Posted by Vladimir Kotal on January 16, 2009 at 04:18 PM CET #

Is there someplace where I can find general dirctions on upgrading openSSL on a Solaris 10 x86 system? I've tried to upgrade to openSSL 0.9.8.j from the version that came with my server (OpenSSL 0.9.7d 17 Mar 2004 (+ security patches to 2006-09-29)) and when I run the openssl version command, it still shows 0.9.7d. I've searched and searched and cannot find too much on how to install this or upgrade it on a Solaris 10 x86 platform. Some instructions say to do the following: ./config...make...make all. Others say to gunzip and then pkgadd. So, I am not sure what to do.

Posted by William Estes on January 30, 2009 at 05:10 PM CET #

@William: I'd advice to upgrade OpenSSL in S10 only in case you very much know what you're doing. Installing new OpenSSL version in separate directory (say /opt/ or /usr/local/) and linking a specific application to the new libraries is one thing, replacing the OpenSSL libraries used by system is another (risky and totally unsupported) thing. For example, by replacing /lib/libcrypto.so you will loose the ability to leverage HW crypto (such as SCA6k card or built-in crypto accelerators in Niagara CPUs) by using PKCS#11 engine via EVP OpenSSL API.

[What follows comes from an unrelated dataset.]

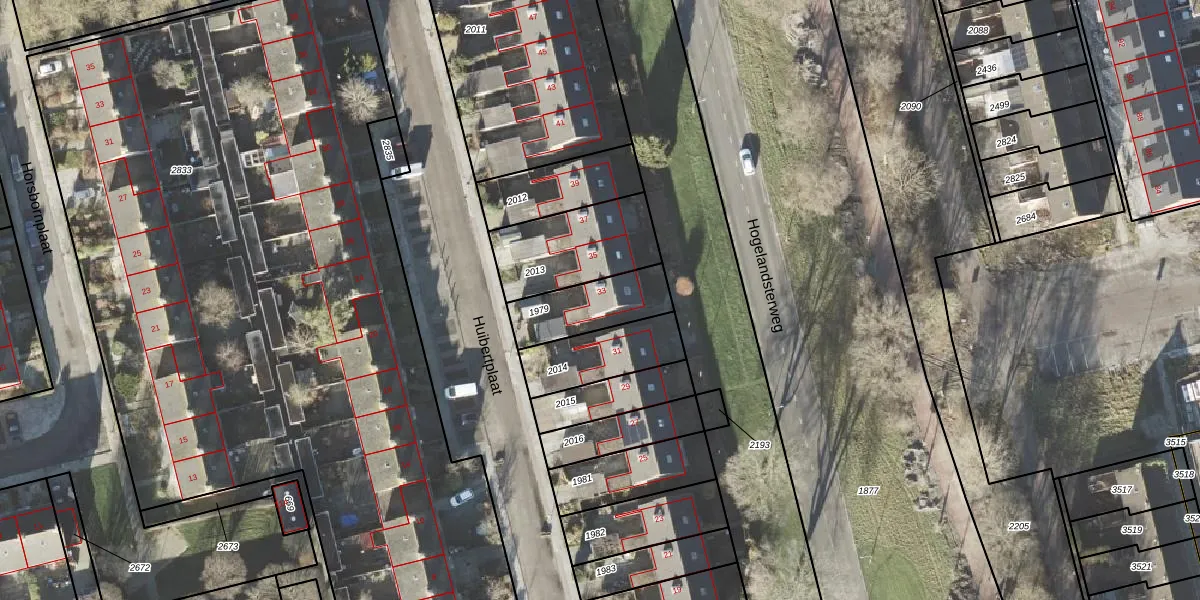 Gebruik de zoekbalk of klik op een perceel voor informatie over de adressen binnen dit perceel.

Posted by Vladimir Kotal on February 12, 2009 at 10:33 AM CET #

Why is CVE-2008-5077 no being fixed for the OpenSolaris 2008.11 release? I see that a fix is contained in b107 and there is already a preliminary patch for Solaris 10.

Posted by Johann on March 02, 2009 at 05:57 PM CET #

@Johann: A Service Repository Update (SRU) for CR 6786120 is in the works. I putback (er, pushed) the fix to the OpenSolaris 2008.11 repository some time ago so it's definitely coming.

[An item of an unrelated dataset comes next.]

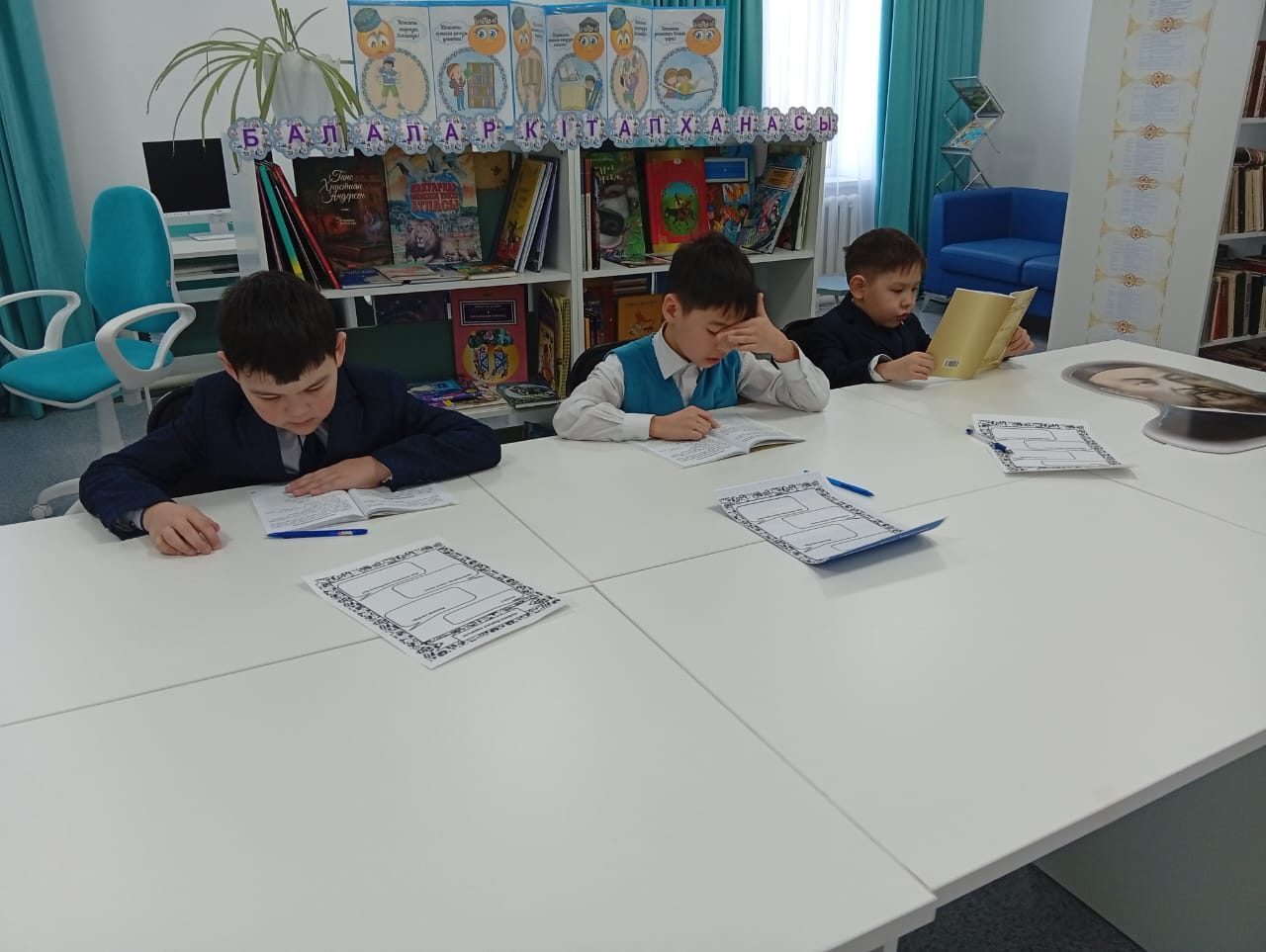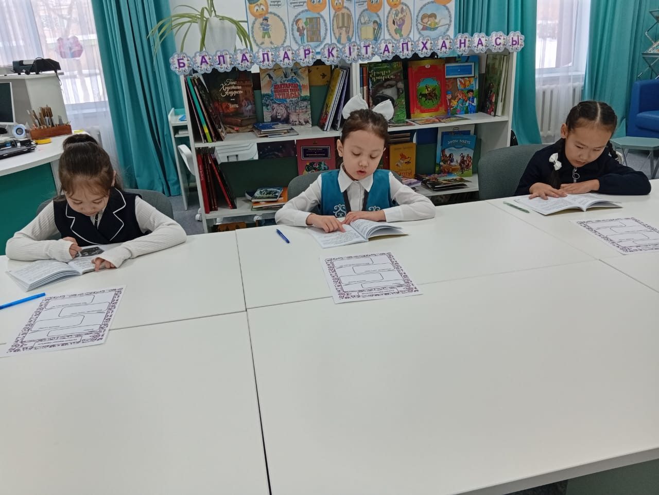 Үлкен үзілісте кітапханада бастауыш сынып оқушылары қысқа әңгімелерді оқып, оқығандарының мазмұнын айтып, өз пікірлерін білдіреді.

Posted by Vladimir Kotal on March 02, 2009 at 07:00 PM CET #

I'll give you a good reason. It's why linux is kicking solaris 10's butt. Admins and Developers want technology greater then 2006 when it's 2009. It's a joke that sun doesn't update their packages like samba, openssl just to name a few.

Posted by Mark on March 23, 2009 at 04:13 AM CET #

Mark, linux is not a system, it's a kernel. If you want to talk about systems, talk about linux distros. If you want 0.9.8 branch, you can use OpenSolaris (even with support). As of now, 0.9.8a is there, soon to be upgraded to 0.9.8j. You just cannot compare "linux" to Solaris 10.

and if you think that "linux" is superior to S10, use it. There are good reasons to keep the current version in S10 and use its next branch in OpenSolaris but I would be repeating myself.

Posted by Jan on March 23, 2009 at 09:43 AM CET #

Hello,
Currently using most current release 10/08. I am trying to use the cups on Sol 10 u4 companion disk. I get the following error.
ld.so.1: cupsd: fatal: libssl.so.0.9.8: open failed: No such file or directory
I have the blastwave openssl 0.9.8 installed and would like to use for this application. This wants to use 0.9.7.

Thank You,
David

Posted by David Hamilton on April 06, 2009 at 08:10 PM CEST #

Hello,
Currently using most current release 10/08. I am trying to use the cups on Sol 10 u4 companion disk. I get the following error.
ld.so.1: cupsd: fatal: libssl.so.0.9.8: open failed: No such file or directory
I have the blastwave openssl 0.9.8 installed and would like to use for this application. This wants to use 0.9.7.
Thank You,
David

Posted by David Hamilton on April 06, 2009 at 08:10 PM CEST #

David, the following says that "cupsd" really needs 0.9.8:

ld.so.1: cupsd: fatal: libssl.so.0.9.8: open failed: No such file or directory

check that you really have 0.9.8 from Blastwave installed. If you have the problem might be that cupsd(1m) doesn't have /opt/csw/lib in its search path. That could be because cupsd wasn't installed from blastwave or was built on another machine with OpenSSL 0.9.8 in a different directory.

Posted by Jan on April 07, 2009 at 10:04 AM CEST #

Jan, thanks for the entry, it's very enlightening, especially the linked updated post regarding the additional CVE's covered in the version string output.

However, there is still a significant time delta between the time an OpenSSL CVE is released and what I consider an appropriate patch from SUN. Case in point, CVE-2009-0590, CVE-2009-0789, and CVE-2009-0591.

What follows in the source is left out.